Portugal: Economy picks up slightly in Q1
Detailed national accounts released on 31 May confirmed that the economy grew 0.5% in quarter-on-quarter, seasonally-adjusted terms in Q1 2019 (Q4 2018: +0.4% quarter-on-quarter). Meanwhile, the economy grew 1.8% in annual terms, after expanding 1.7% year-on-year in the previous quarter.
A marked acceleration in domestic demand (Q1: +2.1% qoq; Q4 2018: +0.8% qoq) powered the quarterly expansion, outweighing weakness in the external sector. Particularly, surging fixed investment led the charge (Q1: +8.3% qoq; Q4: +0.2% qoq), propelled by markedly higher construction investment and a more rapid rise in the purchase of machinery. On the other hand, private consumption growth slowed considerably, from 1.3% to 0.3%; growing pessimism over general economic conditions and personal finances caused consumer confidence to slide in the period, weighing on household spending in turn. The government also tightened its belt, with public spending growth decelerating to 0.4% from 0.7% in the previous quarter, on attempts to strengthen the fiscal account.

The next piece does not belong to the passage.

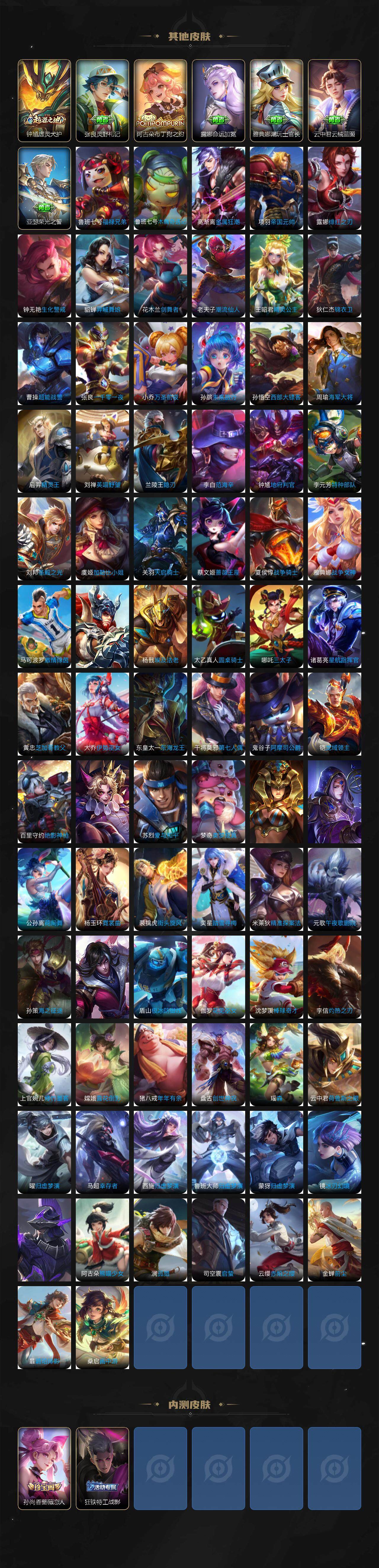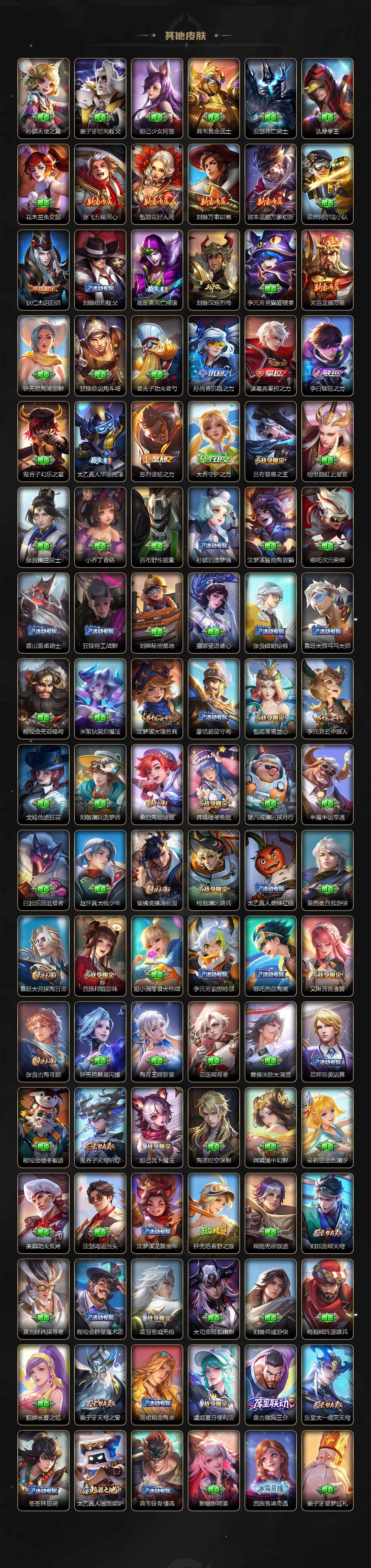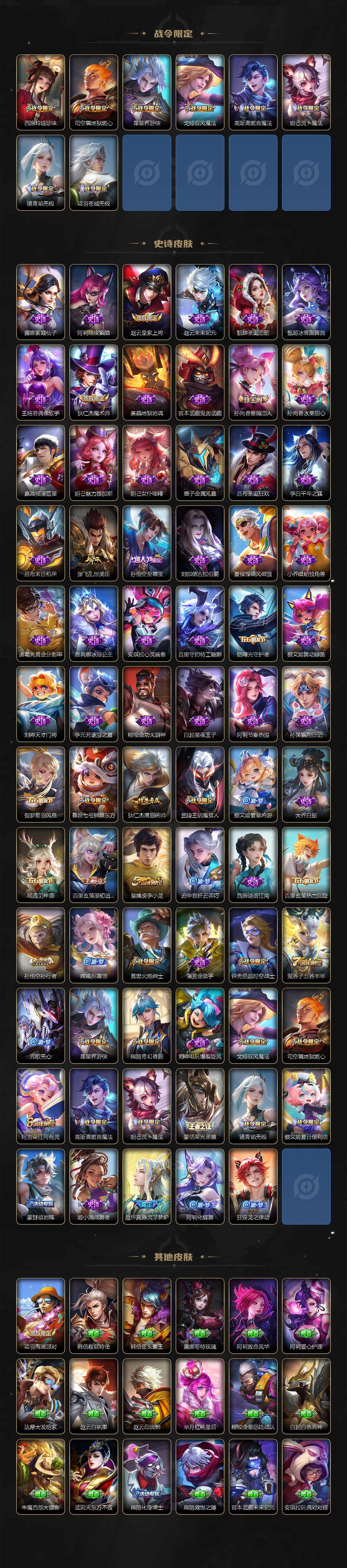 【限定皮肤】:蒙犽顽岩魄,蔡文姬夏日便利店,虞姬夏日便利店,姜子牙天穹之誓,杨戬破阵退雄兵,狄仁杰阴阳师,赵云皇家上将,孙尚香蔷薇恋人,鲁班七号狮舞东方,高渐离死亡摇滚,钟无艳超时空战士,扁鹊奇幻香踪,吕布猎兽之王,元歌无心,甄姬落雪兰心,狄仁杰魔术师,狄仁杰神器狴犴令,项羽海滩派对,兰陵王驯魔猎人,孙悟空至尊宝,孙悟空孙行者,孙悟空齐天大圣,李元芳云中旅人,虞姬启明星使,杨戬潮玩骑兵,蔡文姬繁星吟游,太乙真人华丽摇滚,鬼谷子五谷丰年,黄忠火炮绅士,百里玄策原初追逐者,沈梦溪大漠名商,裴擒虎李小龙,裴擒虎擒涛扼浪,云中君纤云弄巧,嫦娥拒霜思,嫦娥暖冬兔眠,西施玲珑珍味,鲁班大师探海日志,桑启海盐诗旅,暃星界游侠,戈娅驭风魔法,艾琳流音漫舞,司空震地狱燃心,阿古朵江河有灵,张良古海寻踪,蒙恬荣光圣徽,高渐离燃音魔法,妲己灵卜魔法,鬼谷子天穹祈灯,沈梦溪龙舞盛年,刘邦剑破天穹,程咬金群星魔术团,镜青焰无极,项羽苍威无极,刘备异域游侠,周瑜熔金海岸
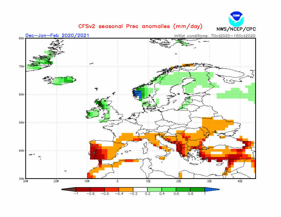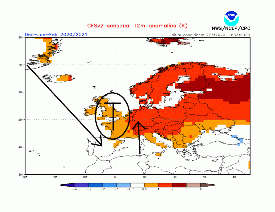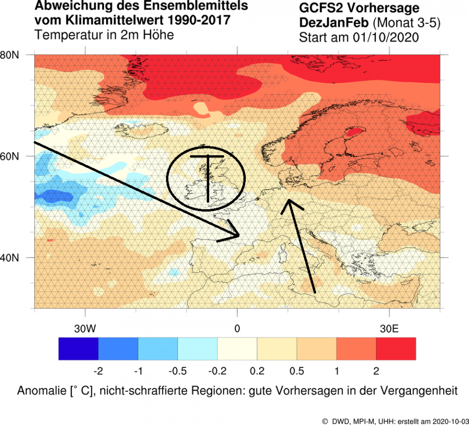 Sowohl der DWD als auch die NOAA sehen im kommenden Winter halbwegs gemäßigte Temperaturen in Westeuropa vor, Mitteleuropa auf der warmen Vorderseite:

Meanwhile, export growth sped up to 2.9% in the quarter (Q4: +1.6% qoq), although remained relatively tepid amid a cooling global economy. Nevertheless, the external sector dragged more severely on growth, deducting 1.7 points from the headline print following the 0.4 percentage-point subtraction in Q4, as imports continued to outpace exports. Import growth climbed to 6.0% in Q1 from 2.3% in the previous quarter, reflecting a significant rise in the purchase of capital goods from overseas.
Despite marginally improving in Q1, economic growth is expected to weaken this year on a slowdown in exports and cooling tourism activity amid increasingly challenging global conditions. While EU structural funds will aid the rollout of several delayed investment projects, domestic demand is also set to lose momentum, with downbeat sentiment among households and businesses capping consumption spending and investment.